-- STORED DATA follows --

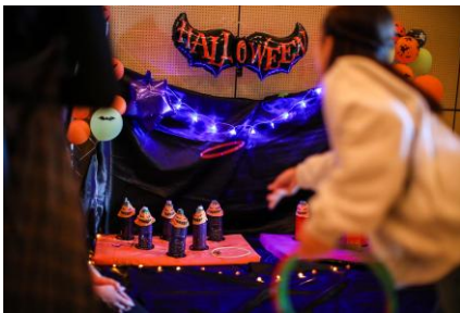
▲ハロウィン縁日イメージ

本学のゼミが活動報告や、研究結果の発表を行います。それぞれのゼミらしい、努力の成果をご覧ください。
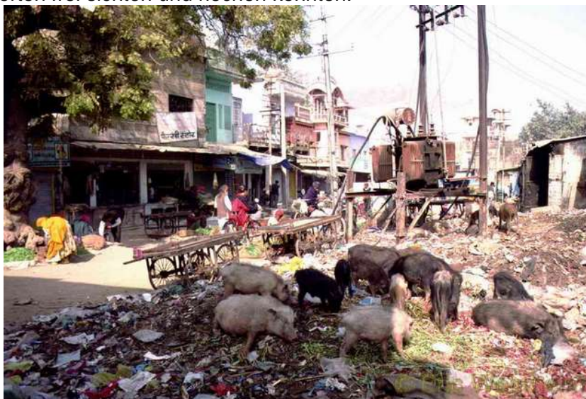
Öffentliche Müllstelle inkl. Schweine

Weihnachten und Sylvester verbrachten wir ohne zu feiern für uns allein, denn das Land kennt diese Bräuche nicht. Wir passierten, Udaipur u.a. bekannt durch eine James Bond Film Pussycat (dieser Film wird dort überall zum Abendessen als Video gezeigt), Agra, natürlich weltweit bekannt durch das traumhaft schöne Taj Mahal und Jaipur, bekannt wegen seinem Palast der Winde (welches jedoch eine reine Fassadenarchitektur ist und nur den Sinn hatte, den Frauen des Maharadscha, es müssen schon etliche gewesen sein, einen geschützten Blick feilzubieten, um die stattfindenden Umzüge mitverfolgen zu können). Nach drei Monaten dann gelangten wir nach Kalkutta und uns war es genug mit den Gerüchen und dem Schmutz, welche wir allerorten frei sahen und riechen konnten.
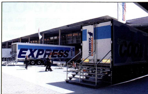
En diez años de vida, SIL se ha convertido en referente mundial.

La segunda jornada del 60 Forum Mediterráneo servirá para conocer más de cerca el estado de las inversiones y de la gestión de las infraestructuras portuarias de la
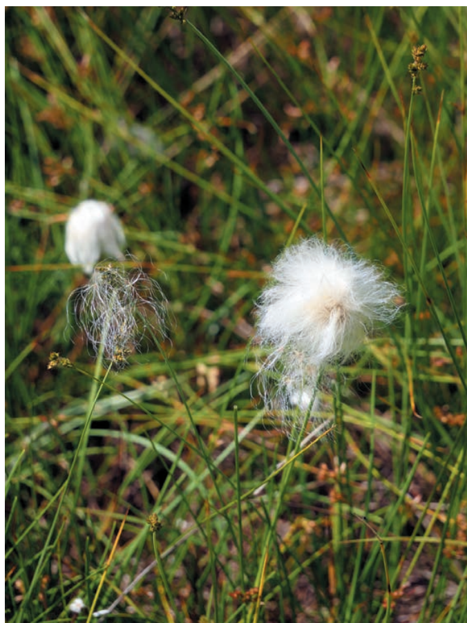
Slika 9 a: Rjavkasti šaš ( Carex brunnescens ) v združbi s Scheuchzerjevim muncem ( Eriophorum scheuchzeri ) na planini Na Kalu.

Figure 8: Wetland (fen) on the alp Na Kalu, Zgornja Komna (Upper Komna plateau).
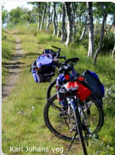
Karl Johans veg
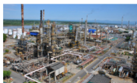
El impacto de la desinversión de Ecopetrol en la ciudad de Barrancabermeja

-- STORED DATA concluded --

* _ASSIGNMENT_: Copy the records above exactly, beginning at the line that contains "En diez años" and stopping after the line that contains "La segunda jornada".

* _RESPONSE BOX_:
En diez años de vida, SIL se ha convertido en referente mundial.

La segunda jornada del 60 Forum Mediterráneo servirá para conocer más de cerca el estado de las inversiones y de la gestión de las infraestructuras portuarias de la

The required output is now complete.